But we don't have enough certainty yet about what the inference workloads are going to be long term to invest that kind of capital and time. expenditure that it would take to build out the network of 110 megawatt data centers in a particular geographic region, something like that. That that's right. And I I would say maybe that I my crystal ball is as clear as anyone else's crystal ball, but I I feel like there's

uh a huge amount of GPU capacity being discussed in i in in the pipeline in these large data centers. And if it turns out that Maybe there are diminishing returns from training larger and larger models, or maybe we run out of data because we've exhausted all the data that's available on the internet. When those things happen, it may be that demand for these GPUs in these largest data centers.

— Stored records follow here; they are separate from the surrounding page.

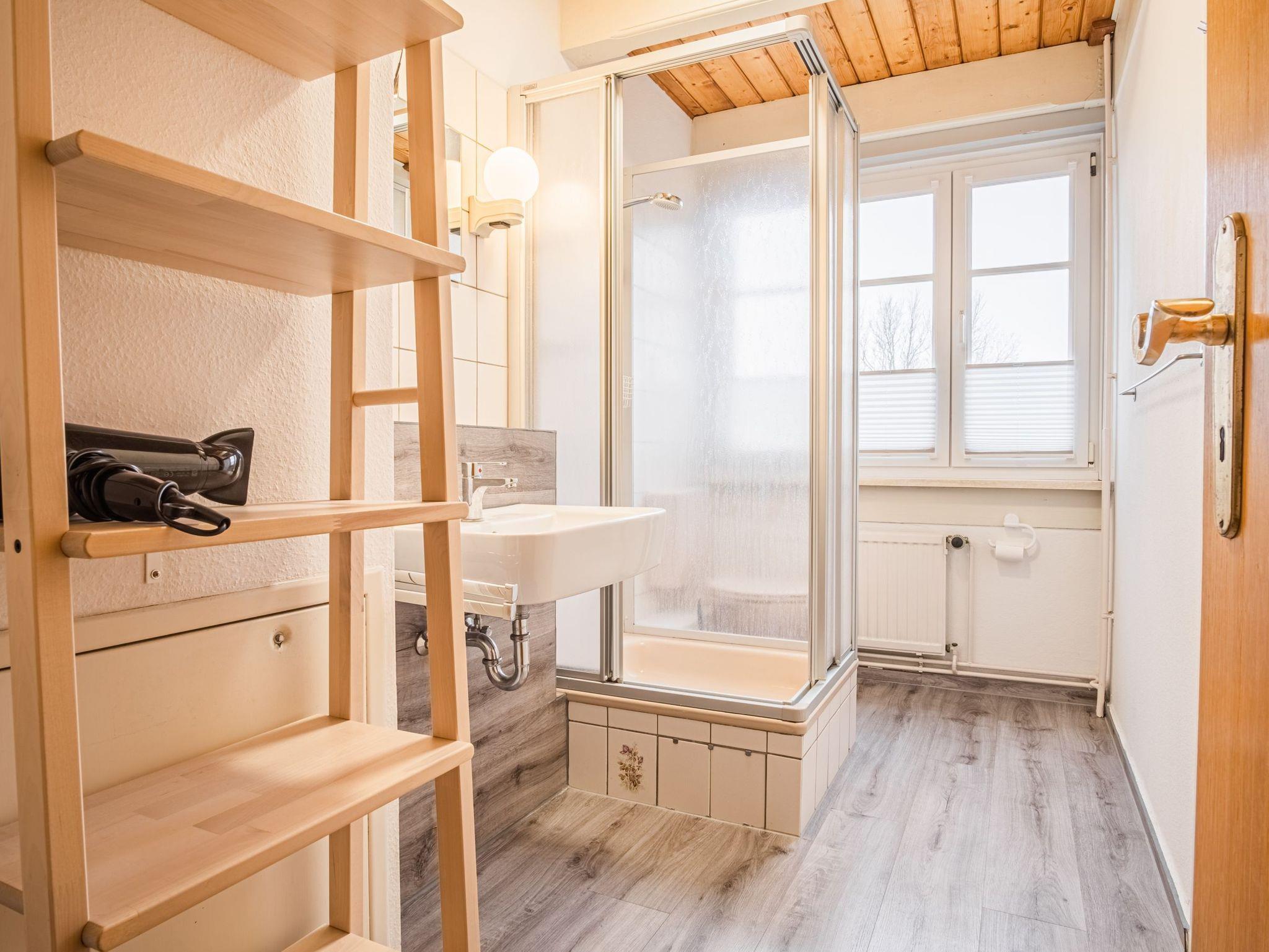 Im Badezimmer gibt es eine Dusche, ein WC und ein Fön.
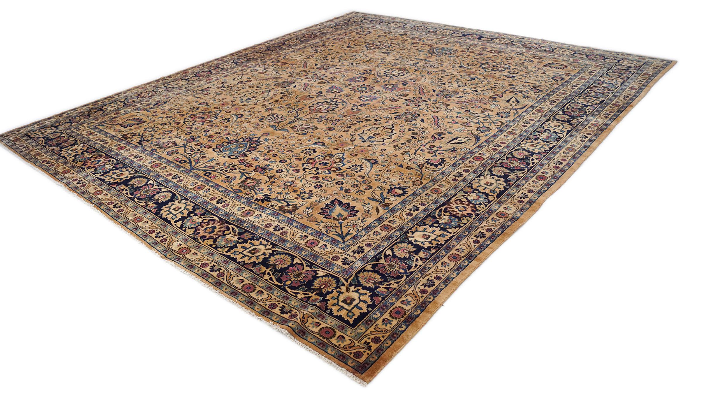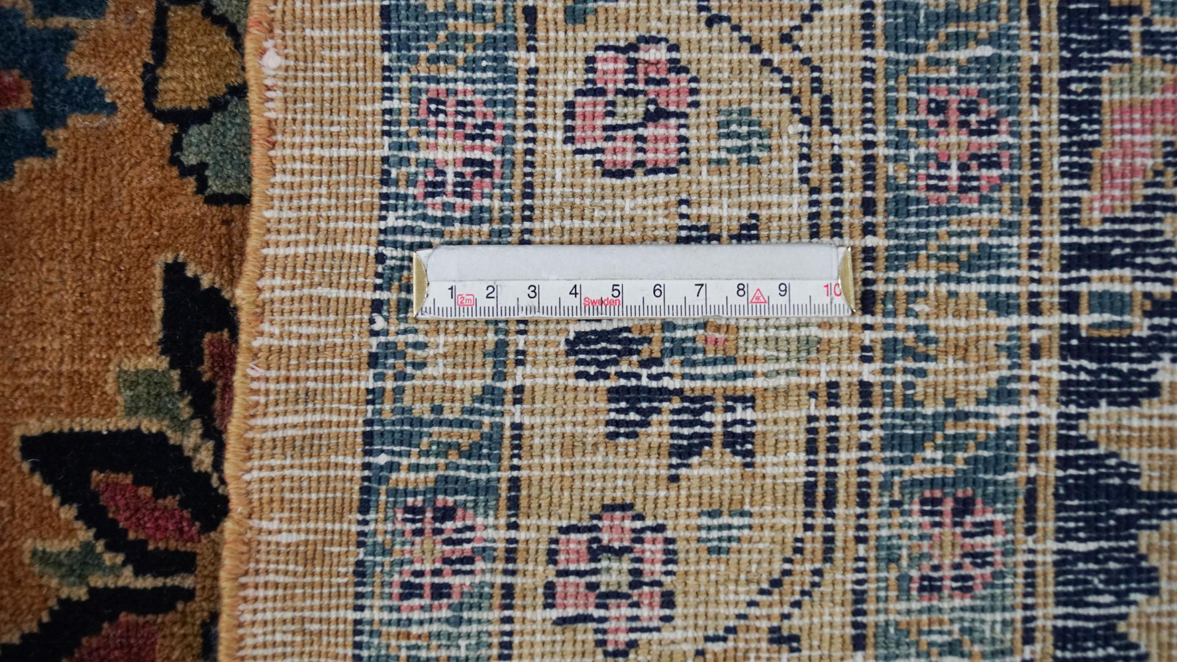 This carpet originates from Mashhad, one of the biggest cities of Iran and Persia. Mashhad carpets are known to be robust and enduring. Mostly they come in extraordinary large scales. A large genuine Persian carpet like this one requires a lot of skill and experience. Generally, it takes several months to craft such a carpet by hand in traditional handicraft.
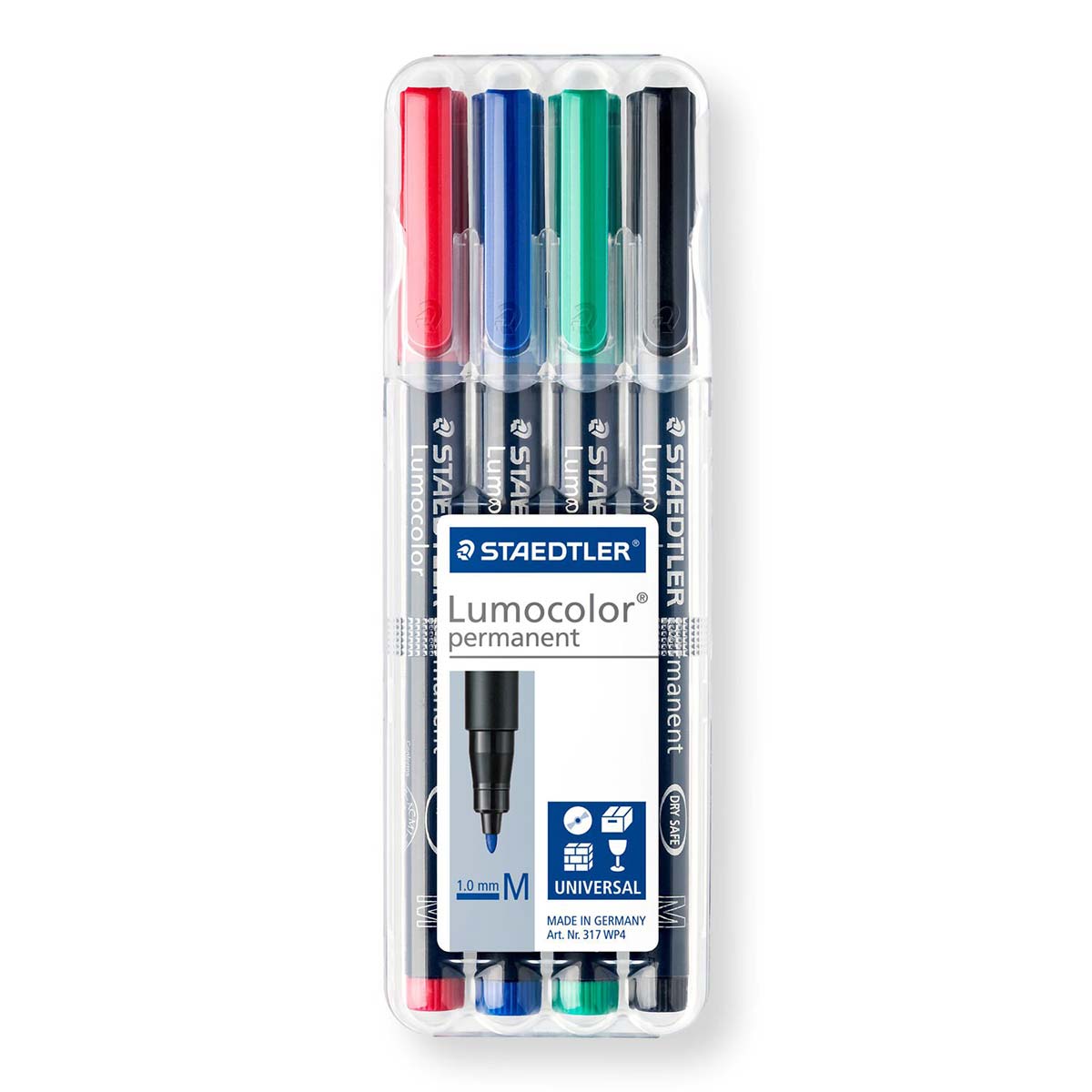 Staedtler Lumocolor permanent 317. Univerzalni marker za sve površine. Otpornost na mrlje i vodootporan na gotovo svim površinama. Suši se za nekoliko sekundi stoga idealno i za levoruke korisnike. Dugotrajno mastilo. Može se danima ostavljati bez poklopca a bez isušivanja. Širina ispisa M, približno 1,00mm. Ponovno punjenje s refil stanicom 487 17. Set sadži 4 različite boje.

we'll we'll flatten out and we're gonna have spare capacity. At which point, as you say, they they will be used or repurposed to serve and uh inference. And then it will be hard. uh to make the case we're building yet more data centers, smaller ones with GPUs closer to the users. I think the catch there will be if one of these

uh model providers or one of these application developers makes performance a distinguishing feature of their of their offering, right? If they start competing on performance rather than on capability. then we're gonna see well, I may have a thousand GPUs in the middle of Nebraska that are already deployed, but if I really wanna break into the San Francisco market, I've got to build my GPUs right there and and have them available.

On-Device Inference: Pros and Cons

All right. So speaking of performance, let's let's transition to the the full extreme version of this, which is also, I think, theoretically the most disruptive from an energy perspective, which is shifting any significant portion of these inference workloads all the way onto the device.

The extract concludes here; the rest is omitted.